Но «берклен» — это «берклен», с табаком его сравнивать нельзя.
— Свёртывай «козью ногу», — предложил Парфёнов. Поглядел внимательно на Каретникова. — Если ты не мастак насчёт самокруток, то я могу тебе такое архитектурное сооружение склеить, что сам… этот самый… Росси в гробу от зависти перевернется.
Парфёнов, как и все питерцы, знал, кто город построил. Да и мудрено было не знать даже простому человеку — имена архитекторов носили и улицы, и площади, и проулки ленинградские.
— Спасибо, я не курю, — отказался Каретников, поёрзал на табуретке. — Мне пора.

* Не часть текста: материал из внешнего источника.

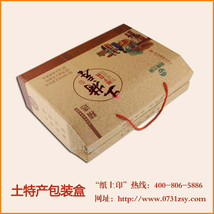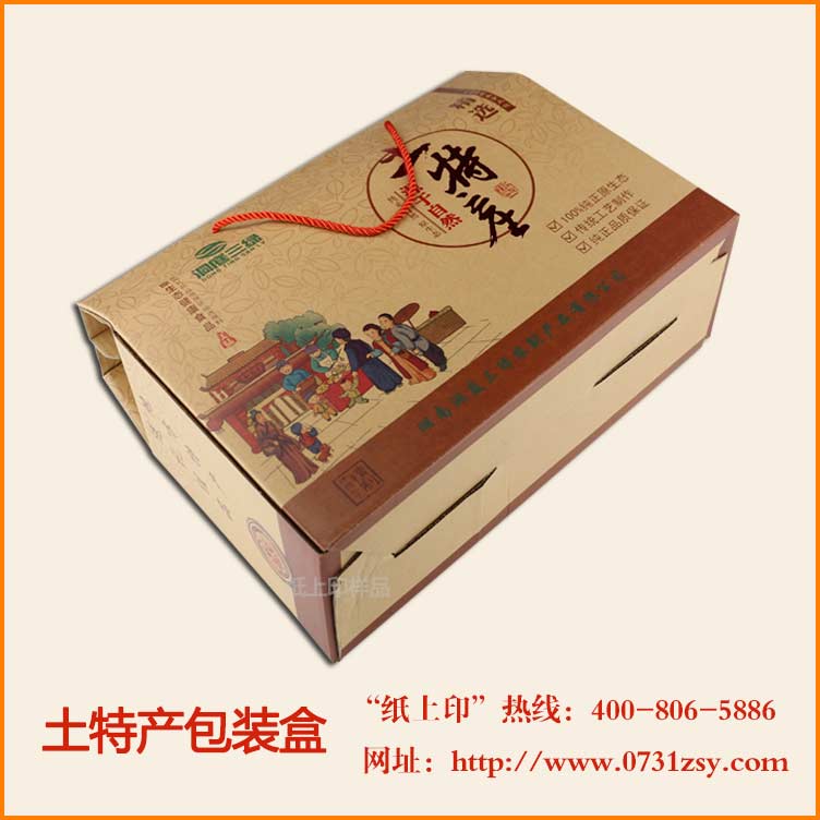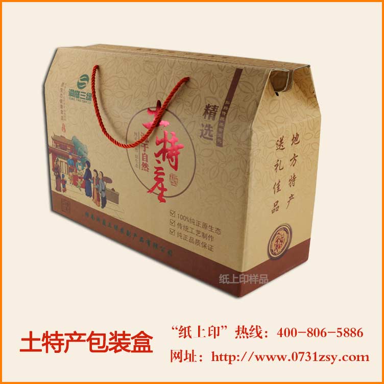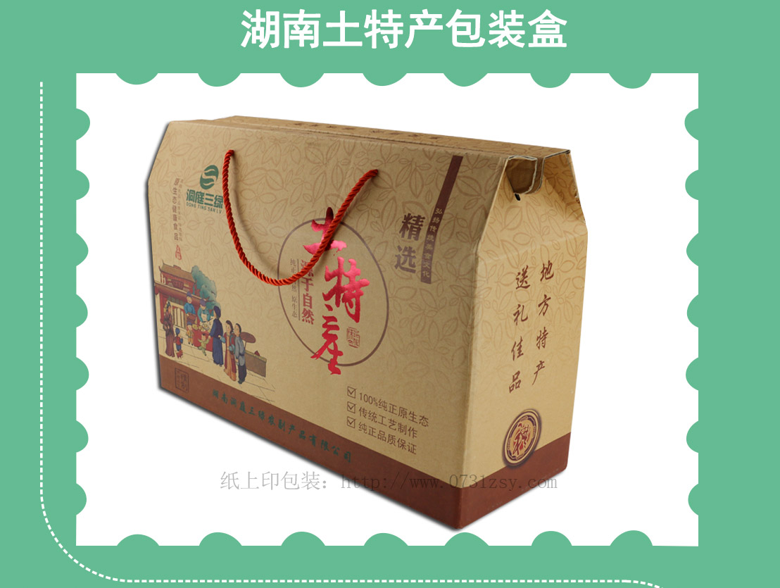 湖南土特产包装盒材质精选三层牛皮纸裱瓦楞制作而成,烫红金的工艺突出“土特产”尤为吸引眼球,本色的牛皮纸更能突出土特产的原汁原味。450X148X300的超大容量承载着对顾客满满的爱意,这款土特产包装盒的设计更适用于对材质和容量高要求的产品。

— Нет, ты погодь, парень, — остановил его Парфёнов, в мгновение ока, сноровисто, ловко соорудил «козью ногу», запалил от коптилки, проворно поднялся с табуретки, подскочил к котлу. Приложил ухо к громоздкой кирпичной кладке в которую был вмурован котёл, послушал, что там внутри творится и вообще жив ли он, чудо-юдо агрегат, а если жив, то как работает?
Судя по расслабленной улыбке, которая скользнула по лицу Парфёнова, по размякшести щёк, всё было в порядке. Котёл не только был жив, не только работал, но и творил что-то сверхъестественное. Каретников даже отвернулся в сторону, удерживая в себе желание прыснуть: слишком красноречивым и размякшим было лицо Парфёнова, старого кропотуна, топтыгина в кожаной ушанке.